● **Work instructions**
From the first line down to the one containing "Свидетельство о регистрации", reproduce the entries below exactly and leave out the pictures.

● **Records for this task**

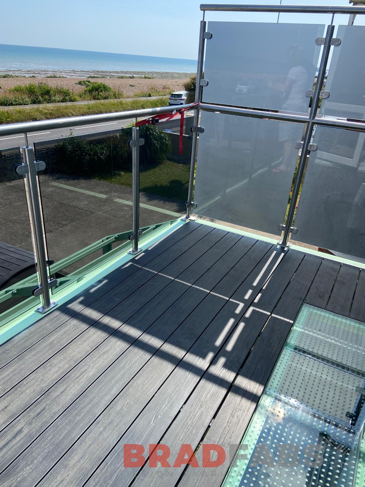 With stainless steel and tinted glass balustrade on the balcony, higher at one side for added privacy
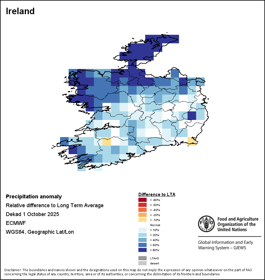 La carte illustre les volumes cumulés de précipitations au cours d’une décade (une période de 10 jours). Les estimations concernant les précipitations pour tous les pays africains (à l'exception du Cap Vert et de Maurice) proviennent du NOAA/FEWSNet, tandis que les données concernant les autres pays sont obtenues à partir du CEPMMT.
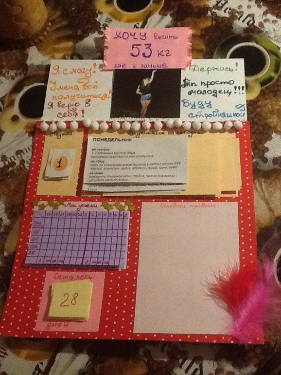 Дневник худеющей:)Девочки привет! Завтра начинаю диету! Продукты куплены!подготовила себе вот такую стимуляшку-напоминалочку (не судите строго-делала ночью когда доченька спала:)
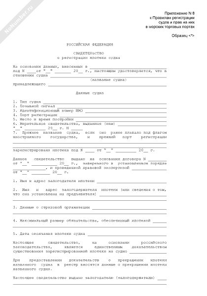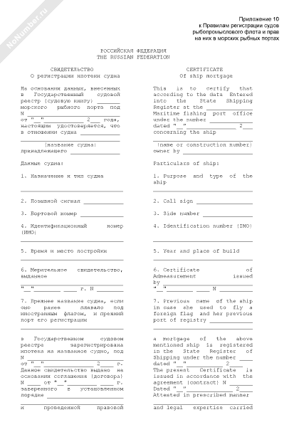 Свидетельство о регистрации ипотеки судна (рус./англ.)
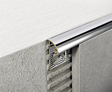 Способ монтажа: профиль промазывается клеем, устанавливается на стену или пол, а затем укладывается плитка. Окантовочный профиль легко можно подрезать до нужной длины с помощью ножовки по металлу.
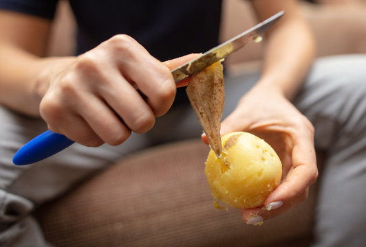 Isolated of peeled potatoes placed together on a spotless white surface ready for cooking Stock Photo with side copy space
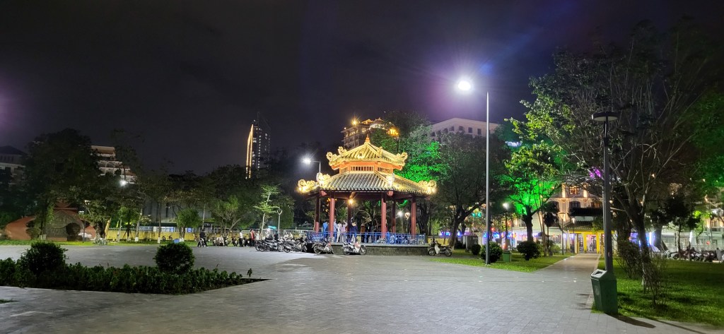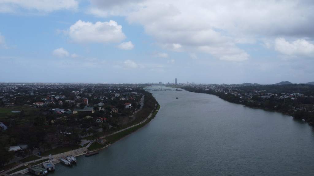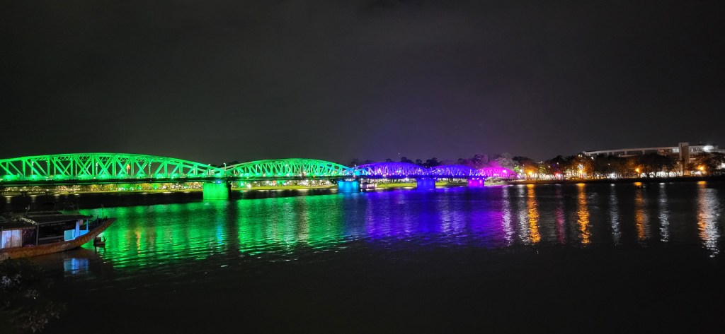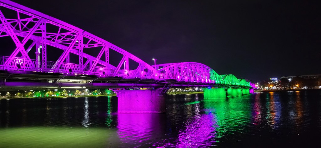 In Hue angekommen beziehen wir alle gemeinsam ein kleines gemütliches Hotel direkt in der Innenstadt. Hier reihen sich viele Bars, Cafés, Shops und Restaurants aneinander und wir können mal wieder viel zu Fuß erkunden. Z.B. die ab abends angeleuchtete Eisenbahnbrücke, die über den mächtigen Song Huong Fluss führt.
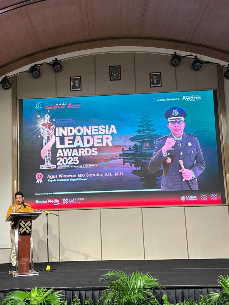 Batasnews.id Di awal tahun 2025 Kepala Kejaksaan Negeri Gianyar Agus Wirawan Eko Saputro, SH. MH mendapat penghargaan Best Leader Indonesia 2025 dalam kategori Sinergitas, Integritas dan Kolaborasi selama tahun 2024 dari Seven Media Awards pada tanggal 17 Januari 2025 bertempat di Platinum Hotel Jimbaran Beach Bali.
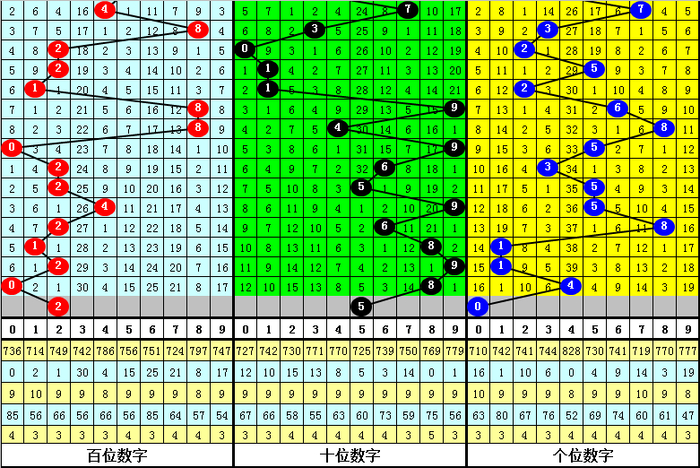 十位走势:最近10期开出范围在4-9区段,跨度为6点,出号比较分散,上期出现号码8,下降1点,本期预计该位走小。另外,最近10期该位奇偶比为5:5,奇数走冷,本期预计奇数回补,参考号码5。
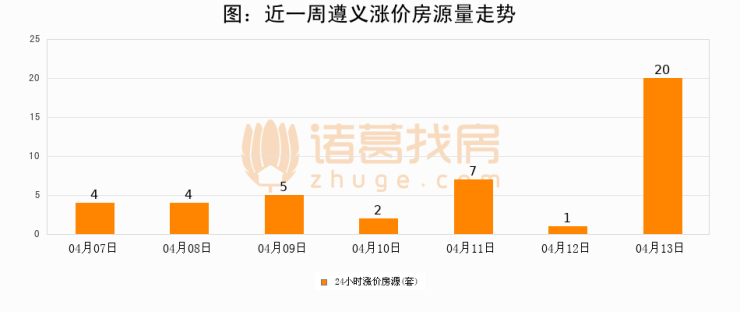 根据诸葛找房数据显示,遵义24小时涨价房源量为20套,较04月12日增加19套,环比上涨1900%。与此同时,涨价房源占比小幅扩大,业主信心有所提升。
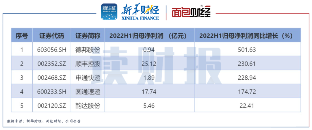 德邦股份上半年实现归母净利润0.94亿元,同比增长501.63%。归母净利润在5家快递公司中最少,但同比增速排在首位。当期,德邦股份非经常性损益项目金额为1.65亿元,其中计入当期损益的政府补助为2.05亿元。扣除非经常性损益后,德邦股份上半年归母净利润亏损0.71亿元。
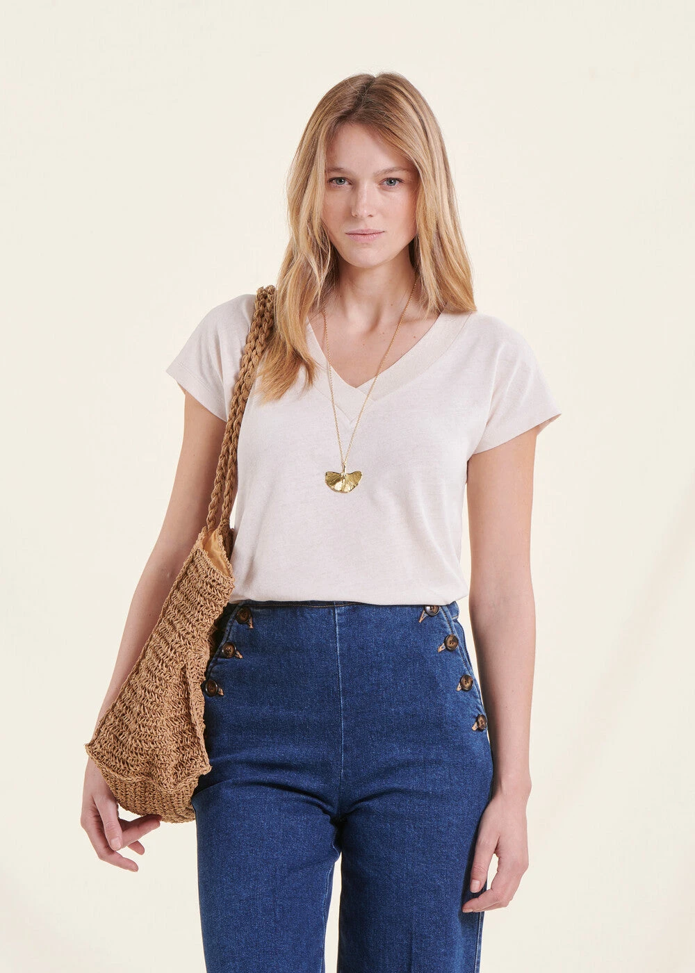 UGS : BGFMZ 867636854818641644355 Catégorie : Tops & T-shirts Étiquettes : Apparel_specific|TEE SHIRT, Categorie|Tops & T-shirts, Color_filter|blanc, Color|ECRU, E24_HAUTS, E24_NOIR_BLANC, EuropeE24, EXCLUSION_BOOSTER_H23, FD-TS-PASTUREL_703, NEW_PRODUCT, NOUVELLE_COLLECTION, PAP, S15, Season|E24, SEO_HAUT_MANCHES_COURTES, SEO_TEE_SHIRT_COL_V, SEO_TEE_SHIRT_MANCHES_COURTES, Size_filter|34, Size_filter|36, Size_filter|38, Size_filter|40, Size_filter|42, Tops_tshirts

● **Answer space**
 With stainless steel and tinted glass balustrade on the balcony, higher at one side for added privacy
 La carte illustre les volumes cumulés de précipitations au cours d’une décade (une période de 10 jours). Les estimations concernant les précipitations pour tous les pays africains (à l'exception du Cap Vert et de Maurice) proviennent du NOAA/FEWSNet, tandis que les données concernant les autres pays sont obtenues à partir du CEPMMT.
 Дневник худеющей:)Девочки привет! Завтра начинаю диету! Продукты куплены!подготовила себе вот такую стимуляшку-напоминалочку (не судите строго-делала ночью когда доченька спала:)
 Свидетельство о регистрации ипотеки судна (рус./англ.)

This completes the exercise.